It has been admitted by the newly installed interim permanent secretary Jim Harra at HMRC that the pay and salary structure within his new department needs to be overhauled. He claims that the historic pay structure has now reached ‘crisis point’ and has appealed to the Treasury for more money.
In his appeal he claimed that ‘employees had gone “many years” without a real-terms pay rise’. In August of this year the union Unison berated the department for offering a poultry 2% average pay increase. The increase which is effective for the 19/20 financial year did it is claimed see salaries rise between 1.86% and 2.08%.
Jim Harra claims that the overhaul and increase are necessary to retain and attract the right staff and to keep those currently employed engaged in the work they do. Added to this is the fact that the national minimum rates are due to increase in April 2020 and is likely to reduce an administrators wage to below the new statutory minimum.
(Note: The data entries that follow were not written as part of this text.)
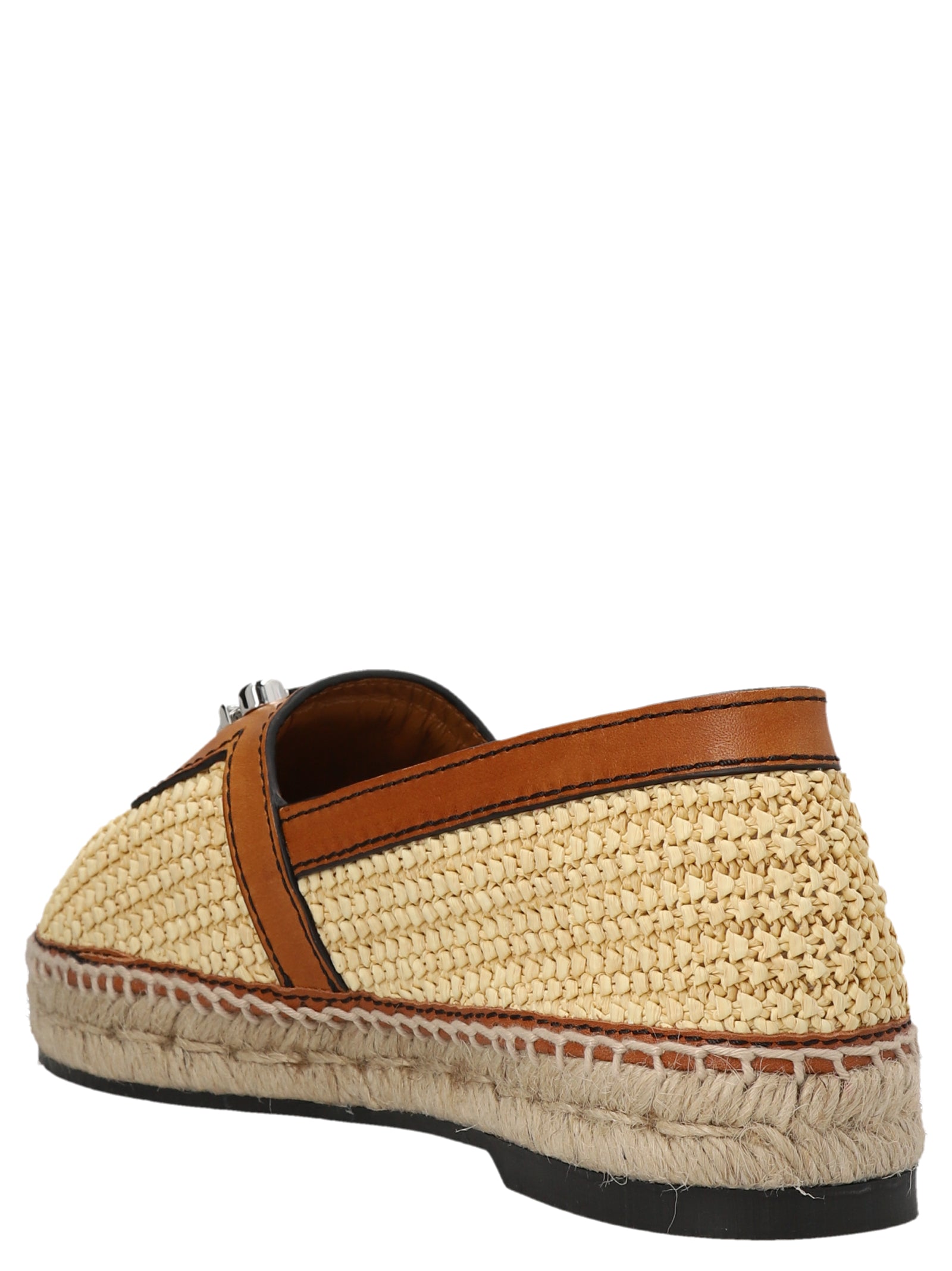 'Cashmere Rafia' raffia and leather espradillas with front metal logo appliqué, a cord and rubber sole.
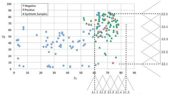 Distribution of the samples after over-sampling. The y-axis represents the values of z2 and x-axis represents the value of z1
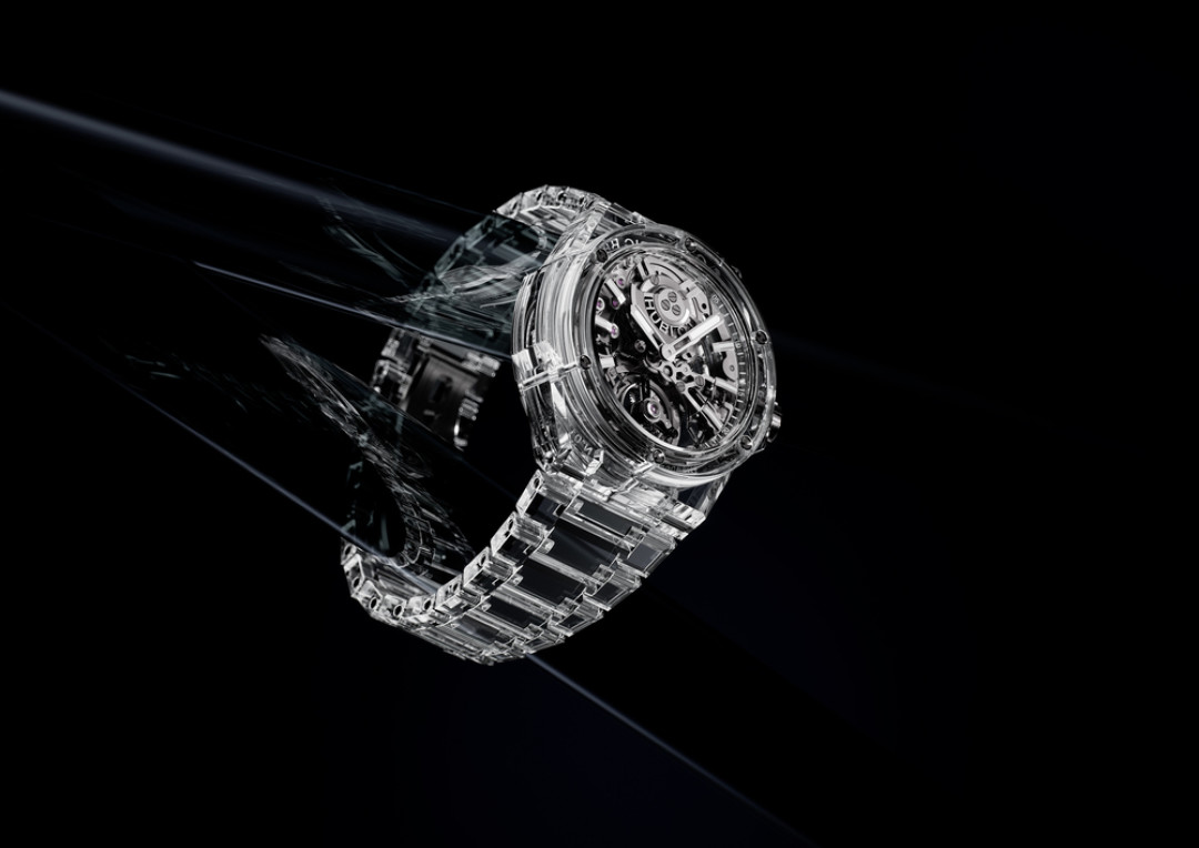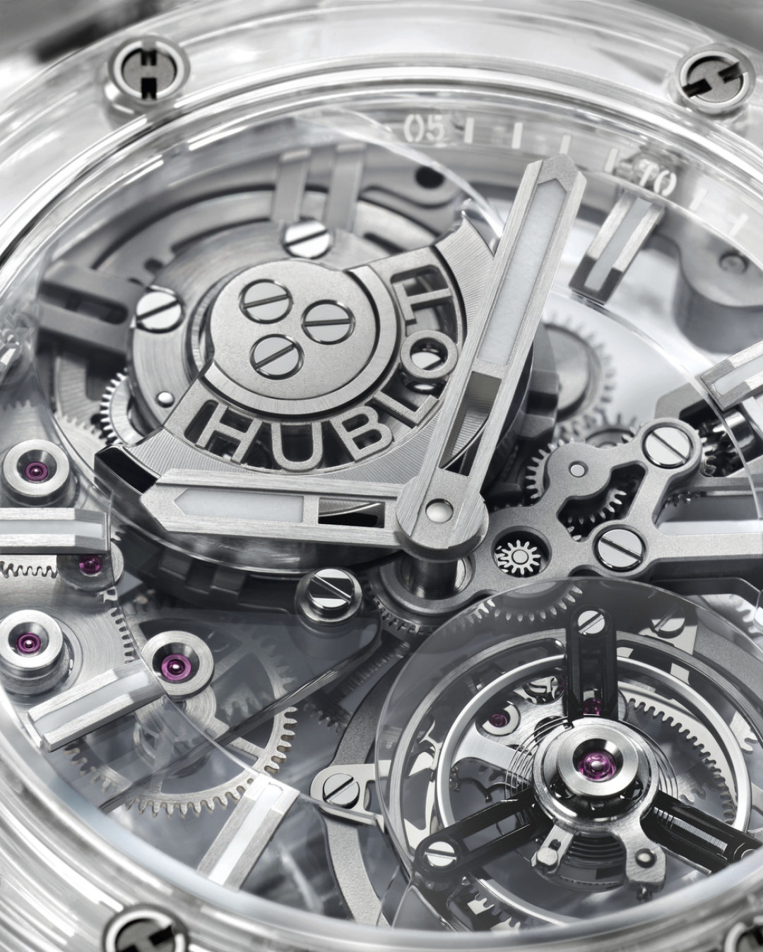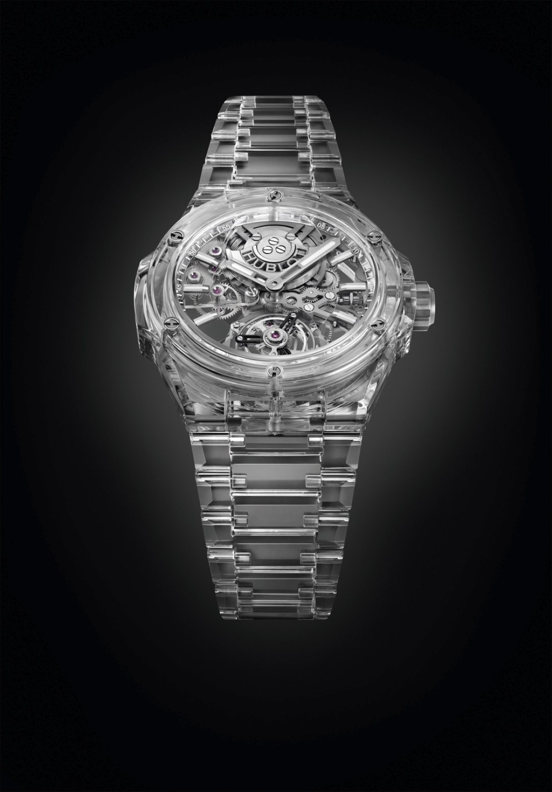 Для модели был выбран новый автоматический механизм с турбийоном и мостами из сапфира, прозрачность которого по-настоящему впечатляет. Некоторые детали часов могут увидеть только часовщики, которые их производили. Благодаря корпусу и браслету, выполненным полностью из сапфира, эта модель раскрывает свои секреты абсолютно для всех: механизм и корпус сливаются воедино и выставляют наружу каждый элемент своей конструкции. «Нам потребовалось пять лет, чтобы воплотить в жизнь наш первый корпус из сапфира, и почти столько же времени ушло на создание первого браслета. Производство обеих деталей из сапфира и их объединение в единое целое ознаменовало собой кульминацию серьезной работы, проделанной всеми командами компании Hublot», — отмечает Рикардо Гвадалупе, генеральный директор Hublot.
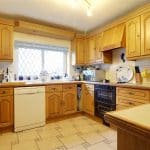 With a side uPVC double glazed window. The kitchen includes a range of oak fronted low level units, drawer units and wall units with rounded pull handles and a pattened working top surface incorporating a single ceramic sink bowl unit with block mixer tap and drainer to the side, built-in Lamona electric oven with further integral electric oven and matching grill, plumbing for a washing machine, separate breakfast bar area, tiled flooring, space for a tall fridge freezer, tiled walls and ceiling spotlights.
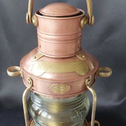 Det er en maritim lampevarmer, oprindeligt anvendt både til belysning og til varmeproduktion i maritime omgivelser, hvilket gør den til et teknisk og dekorativt stykke med historisk værdi.
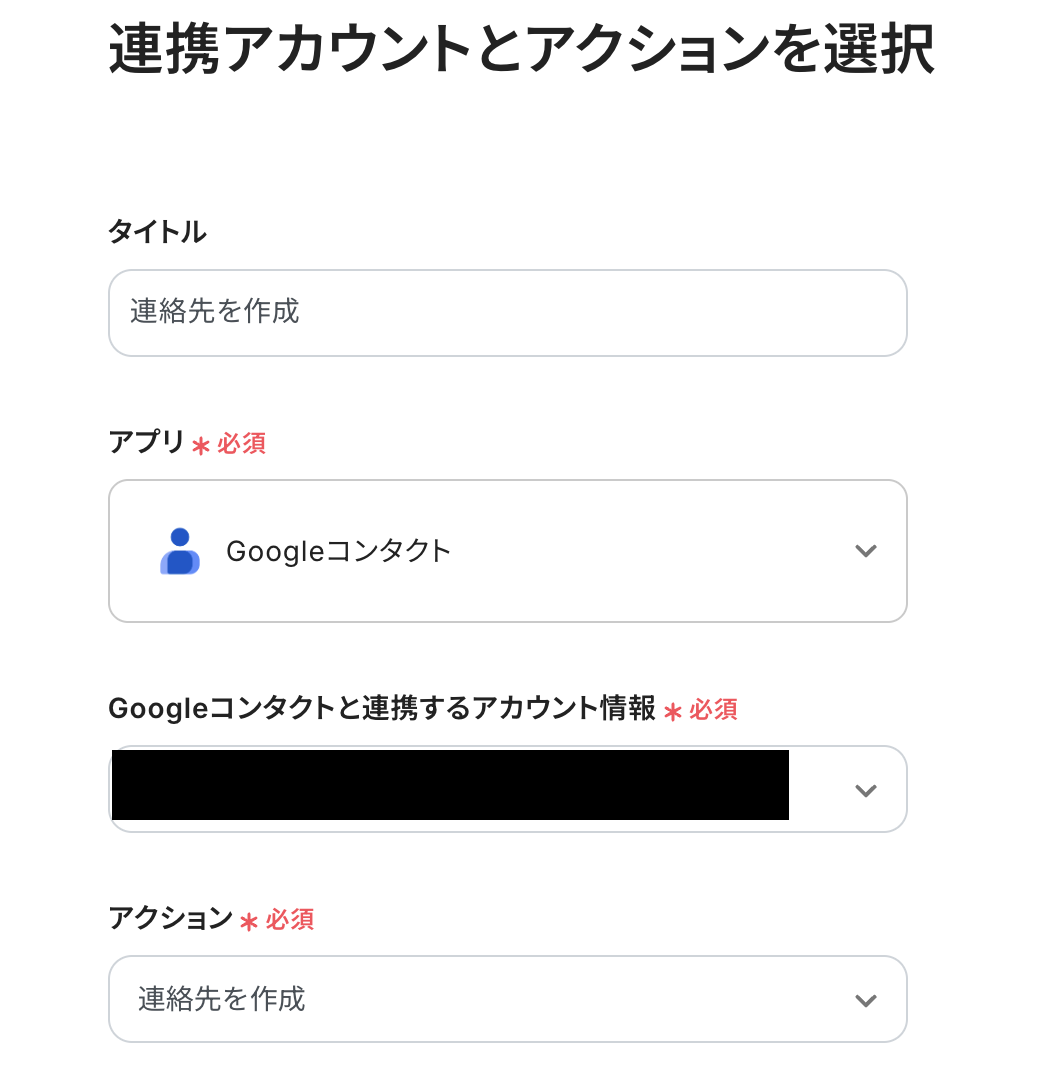 今回はテンプレートの項目で連携手順を解説していきますが、Googleコンタクトの連絡先に登録したい内容に合わせて項目は変更してくださいね!
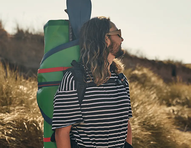 Ця каркасна система означає, що ви можете від'єднати задню частину сумки, прикріпити SUP та насос і налегку вирушити в дорогу.
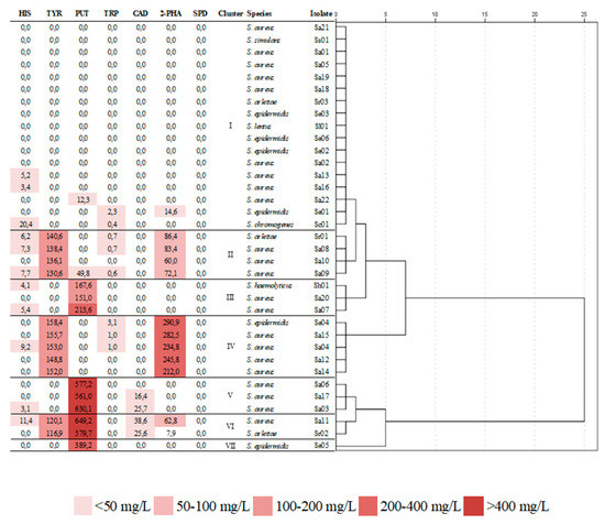Figure 1 shows the dendrogram obtained from the Hierarchical Cluster Analysis (HCA) of the BAs, which shows the grouping of isolates into seven clusters. One cluster is constituted by both non-amine-producing and very low-amine-producing isolates, and included S. aureus, S. simulans, S. epidermidis, S. arlettae, S. lentus, and S. chromogenes isolates. Clusters II and IV comprise isolates that produced moderate (cluster II) and high (cluster IV) amounts of both tyramine and 2- phenylethylamine, and included S. aureus, S. epidermidis, and S. arlettae isolates. Cluster III comprises moderate putrescine-producing isolates, and clusters V, VI, and VII include high putrescine-producing isolates.
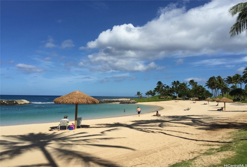 PREMIER BEACHFRONT UNIT AT KO OLINA BEACH VILLAS! Experience the ultimate resort lifestyle in this exceptional beachfront unit, perfect for personal enjoyment or as a lucrative rental income opportunity. Just steps away from the ocean and lagoon pools, this is the only condominium located on Lagoon Two in Oahu’s luxury Ko Olina Resort. Indulge with these amazing amenities: Expansive Lanai, enjoy an impressive lanai with a pocket door, seamlessly blending indoor and outdoor living—ideal for entertaining guests. Gourmet Kitchens, custom-designed by Hawaii’s celebrated chef Roy Yamaguchi, the kitchens are equipped with top-of-the-line Sub Zero and Wolf appliances. Luxurious Interiors, the villas feature exquisite finishes by renowned designers Philpotts & Associates, tailored for the Hawaiian lifestyle. Security and Access, benefit from 24/7 onsite security and card-controlled access at gates and doors, including beachfront access. This villa is fully furnished and approved for legal short-term vacation rentals (minimum stay of 7 days). Don’t miss your chance to own a piece of paradise!
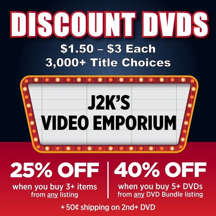 BUILD YOUR OWN BUNDLE This is a bundle listing, where you can select and add movies to your cart using the "Title" dropdown menu. I currently have 12 additional "Discount DVDs" bundle listings, wiith 3,000 titles to choose from. SPECIAL DISCOUNTS Due to the high cost of shipping, I try to be very aggressive in my discounts when you buy multiple items. Below are bulk discount offers available. SAVE 25% when you buy ANY 3+ items from my store SAVE 40% when you buy 5+ DVDs from all "Discount DVDs" bundle listing + Shipping Discount on all "Discount DVDs" bundle items $4 shipping on the 1st item 50¢ shipping on each additional item SHIPPING Movies typically ship within 24 hours upon payment, shipped USPS with full tracking. FULL TRANSPARENCY I do my best to make sure every customer is satisfied with every transaction. I welcome any questions to help in your purchase decisions. For any issues, I kindly ask that you contact me immediately so I may work to resolve. ADDITIONAL MOVIE LISTINGS I have more than 8,000 movies available. Most items are sold individually, but I also have bundle listings (such as this one) that are designed to save buyers money when buying multiple items. To check out my current movie inventory, please visit my eBay store: www.ebay.com/str/jay2thekaysvideoemporium HAPPY MOVIE HUNTING! LISTING DETAILS Along with providing photos of the actual item, below is the specific UPC list. Title UPC 1408 796019805308 (500) Days of Summer (Rental) 024543634652 127 Hours 024543736349 13 Going on 30 (Fun & Flirty Edition) 043396134119 13 Going on 30 (Special Edition) 043396014220 15 Minutes 794043516627 17 Again (WS & FS) 794043125041 2 Days in Paris 024543486688 2 Fast 2 Furious 025192297526 2 Fast 2 Furious (2-Disc Limited Edition) 025192019500 2 Fast 2 Furious (FS) 025192352027 20 Years With the Dolphins (Slim Case) 872322009968 2012 043396275171 2012 Supernova 096009970093 2016 World Series Champions: Chicago Cubs 826663172911 21 043396267183 21 Grams 025192416620 27 Dresses 024543506652 2-Movie Pack (Evel Knievel / Stunts) 826831200538 3 (2-Disc Collector's Edition) 796019795197 3 Full-Length Features, Collection 2 762747004399 3:10 to Yuma 031398221876 30 Minutes or Less 043396388130 300 012569736627 300 (2-Disc Special Edition) 085391162858 40 Days and 40 Nights 786936180862 5 Action Movies [Ed/Sweeper/Revenge/Spy] 50 Dead Men Walking 625828509803 50 First Dates (Special Edition) 043396014268 50/50 774212001116 60 Minutes: Zenyatta 885444842573 61* 026359178221 8 Mile 025192330520 80 Minutes 181582000135 88 Minutes 043396235786 99 Homes 025192326288 A Beautiful Mind (2-Disc Awards Edition) 025192145025 A Bridge Too Far 027616675729 A Chorus Line 027616884596 A Christmas Story 012569504424 A Dog's Purpose 025192395543 A Farewll to Arms (Slim) 872322000422 A Father's Revenge 881273000214 A Few Good Men (Special Edition) 043396052802 A Fistful of Dollars 027616785824 A Good Day to Die Hard 024543057062 A Good Night to Die 733807565778 A Guy Thing 027616921352 A History of Violence 794043100956 A Home at the End of the World 085393896423 A Knight's Tale (Special Edition) 043396061439 A Love Song For Bobby Long 043396038011 A Man Apart 794043652523 A Mighty Heart 097363505242 A Mighty Wind 085392771820 A Million Ways to Die in the West 025192212772 A Most Wanted Man 031398204893 A Night at the Roxbury (Special Collector's Edition) 097361224244 A Nightmare on Elm Street (Rental Edition) 794043140976 A Path to Happiness 633023210097 A Perfect Getaway 025192035715 A Place to Grow (Slim Case) 842718000855 A Prairie Home Companion 794043105418 A Real American Hero (Slim) 872322001917 A River Runs Through It 043396039339 A Single Man 043396353831 A Star Is Born (2018) 883929695751 A Tattered Web 090328903152 A Texas Funeral 658149780620 A Time to Kill 085391431725 A Very Harold & Kumar Christmas 794043152245 A Walk to Remember 085392242023 Abduction 031398147558 About a Boy 025192197925 About Schmidt 794043631924 Abraham Lincoln (Slim Case) 872322002358 Accepted 025192885327 Across the Universe 043396330221 Across the Universe (2-Disc Deluxe Edition) 043396194656 Act of Valor 024543781042 Action Double Feature [Matador/Lucky # Slevin] 883476080017 Active Stealth 024543055679 Adam Sandler Laugh Out Loud Double Feature 043396461345 Adaptation 043396076013 After Sunset 794043776328 Agent Cody Banks (Special Edition) 027616887412 Akeelah and the Bee 031398197805 Alex Cross 025192177156 Alexander (Director's Cut) (FS) 085393893729 Alfie 097363417545 Alfred Hitchcock Thrillers [3 Movies] 826150201025 Alfred Hithcock: A Legacy of Suspense [20 Movies] 683904524270 Ali 043396066892 Alien Vs. Predator 024543157168 All About Steve 024543533337 All Eyez On Me 31398270515 All You've Got 097368897144 Almost Famous 667068781823 Along Came a Spider 097363365143 Along Came Polly 025192442926 Alpha Dog 025193250520 Always 025192055621 Amazing Grace 024543444992 American Beauty 667068538229 American Dreamz 025192886324 American Gangster (2-Disc Unrated Extended) 025193228024 American Gangster (Unrated Extended) 025195055703 American Graffiti (Special Edition) 025195051026 American Guns (13-Part Documentary Series) 683904545985 American History X 794043473920 American Hunter - Pure Whitetail American Idol: The Search for a Superstar 823753900294 American Me 025192057427 American Pie 2 (Collector's Edition) (FS) 025192148927 American Pie: Band Camp (Unrated) 025192744723 American Wedding (Extended Unrated Edition) 025192379925 America's Funniest Home Videos: Kids & Animals 826663948714 America's Sweethearts 043396063938 An American Haunting (Unrated) 012236201410 An American In Paris 883929157778 An Inconvenient Truth (Slim Paper Case) 097363480846 An Officer And a Gentleman 097360146745 Anacondas 043396032590 Analyze This & That Double Feature 085391170143 Anchorman: The Legend of Ron Burgundy (Unrated) 678149167726 And Starring Pancho Villa As Himself 026359212321 Angel Has Fallen 031398309130 Angels & De
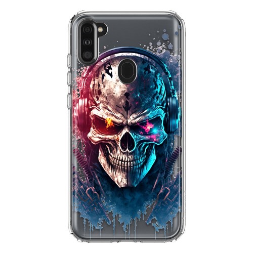 For Samsung Galaxy A11 Cyberpunk Machine Headphones Skull Double Layer Phone Case Cover
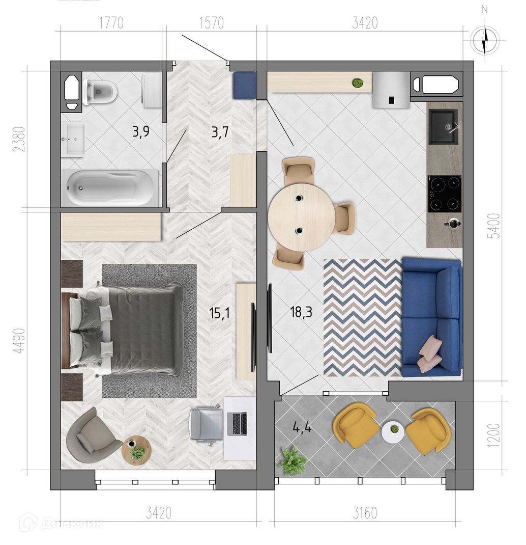 - ✅ Кухня: 18.3 м² — эргономичное пространство.

When addressing this situation he said “I will have to increasingly have to put my pay flexibility into meeting that statutory obligation to pay the national living wage, which is not a position as an employer that I want to be in at all,” His response came during questions raised by MPs in respect of the ‘widespread dissatisfaction in the department about pay’.
It was noted that in the Civil Service People Survey undertaken last year, ‘HMRC had the lowest engagement score of any major department, a just 21% of those responding felt their pay reflected adequately their performance’.